Скомпрометированное постановлением имя Михаила Михайловича Зощенко возникло в равноправном списке любимых классиков Назыма, произнесенное им вслед за Мольером и Гоголем, прямо скажу, для всех нас внезапно. Мы его читали, знали, но великим его даже в нашей творческой среде никто не считал. А произошло это так.
В тяжеловесные пятидесятые годы, когда ржавые замки с дверей нашей жизни сняли, а решетки на окнах еще продолжали висеть, общественное мнение людей выражалось в бесчисленных анекдотах. Процесс этот набирал темп пропорционально государственному истреблению сатирического жанра. Анекдотами люди отзывались на любые проявления лжи, глупости, демагогии, социальной несправедливости и административного головотяпства. Их рассказывали везде и всюду, и никто почему-то не задумывался, откуда они берутся.

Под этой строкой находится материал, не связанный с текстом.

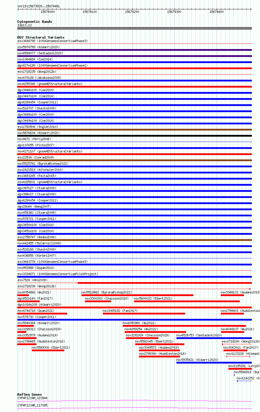 Variant DetailsVariant: essv6824633| Internal ID | 10225651 | | Landmark | | | Location Information | | | Cytoband | 19p13.12 | | Allele length | | Assembly | Allele length | | hg38 | 554 | | hg19 | 554 |
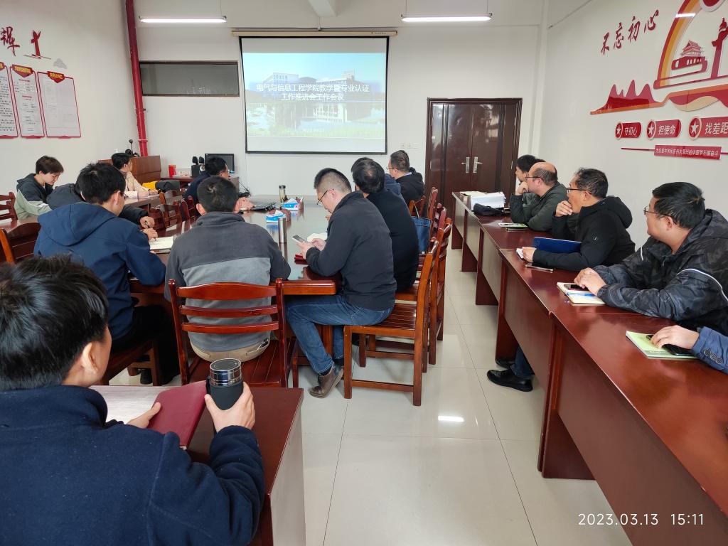 在电气楼304召开教学工作例会暨工程教育专业认证工作推进会,会议由教学副院长程木田主持,参加会议的有各系室主任、支部书记以及各专业骨干教师。

Однажды к нам пришел Назым и с улыбкой сообщил, что на днях он встречался на Украине с товарищами колхозниками и от них услышал очень злой анекдот про коммунизм. «Смысл его заключается в том, — говорил он, — что коммунизм наступит при условии, если в каждом колхозе появится вертолет, чтобы крестьяне в любой момент могли слетать в Москву за пшеном. Я спросил их, — продолжал он, — а знают ли они, кто в Советском Союзе сочиняет анекдоты? Они очень серьезно отвечали: «Политические — Илья Эренбург, а про пшено — это все Зощенко!» Я их не стал разубеждать. Я очень за товарища Зощенко обрадовался. Какой замечательный у него народный авторитет, несмотря на весь позор, который здесь сделали! И я очень хочу, чтобы товарищ Зощенко знал об этой прекрасной любви советских людей».
В этот летний день, ставший впоследствии памятным днем 22 июля 1958 года, Назым приехал на студию усталый и застал у нас в отделе нетрадиционное сборище: один известный преуспевающий композитор — большой мастер жестоких розыгрышей — самозабвенно живописал изумленным слушателям о своих проделках над любимым публикой комическим артистом Хенкиным.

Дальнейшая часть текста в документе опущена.